Write out the listing below character for character, though without its pictures.

Given data >>
********************

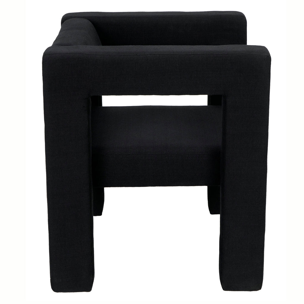 A minimalist and graphic statement, our Felix Chair features a fully upholstered frame, chunky Parson's style design, and black, cotton fabric.
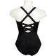 Short lace sleeve leotard with scoop front and back
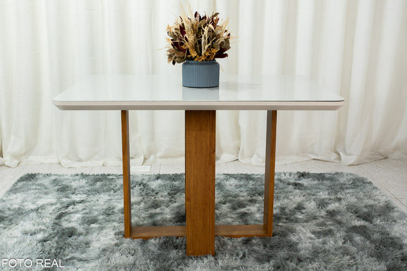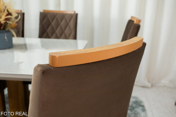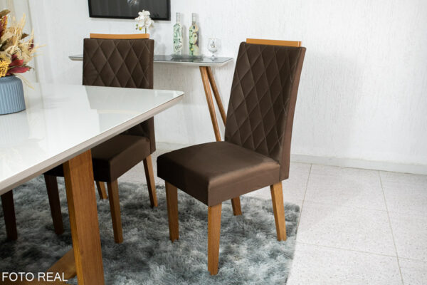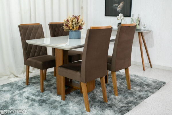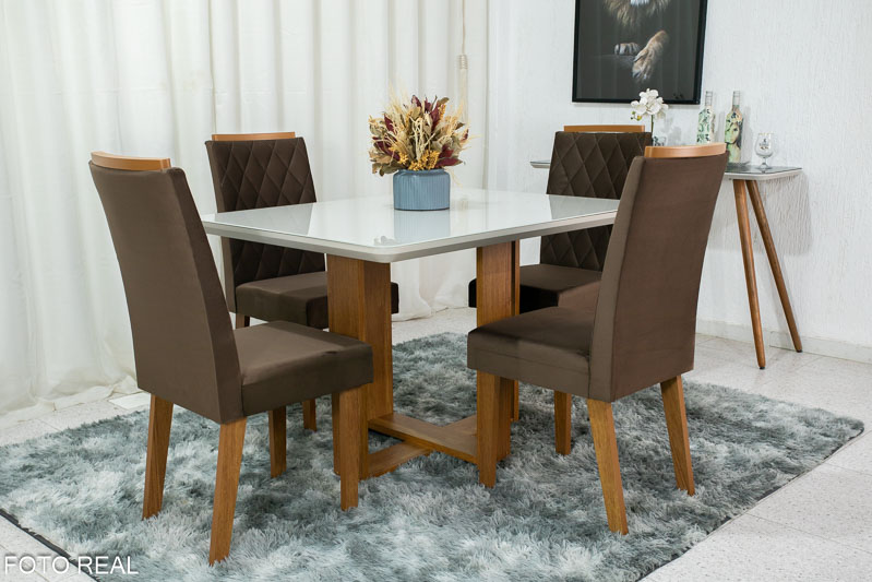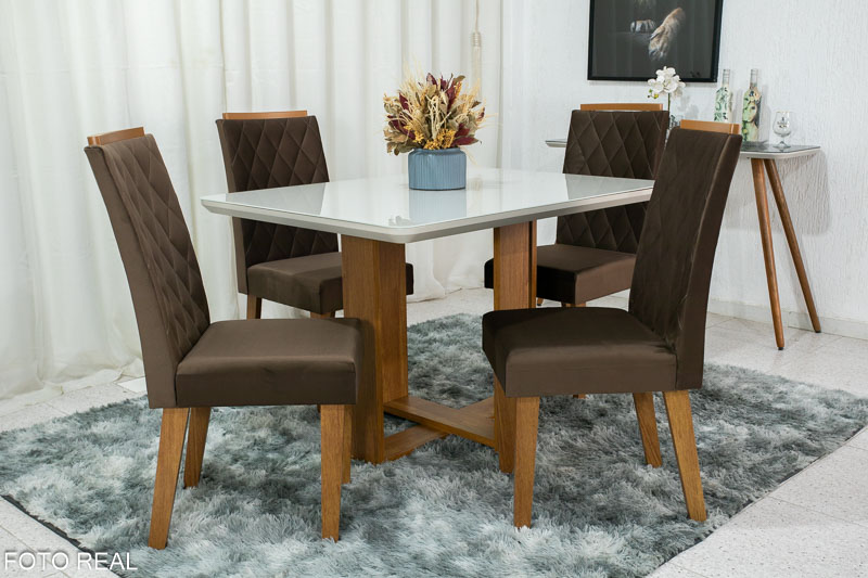 Mesa de Jantar Elenor Tampo Vidro Off c/4 Cadeiras Iza Mel Veludo Bombom – VIERO

********************

Task output >>
 A minimalist and graphic statement, our Felix Chair features a fully upholstered frame, chunky Parson's style design, and black, cotton fabric.
 Short lace sleeve leotard with scoop front and back
 Mesa de Jantar Elenor Tampo Vidro Off c/4 Cadeiras Iza Mel Veludo Bombom – VIERO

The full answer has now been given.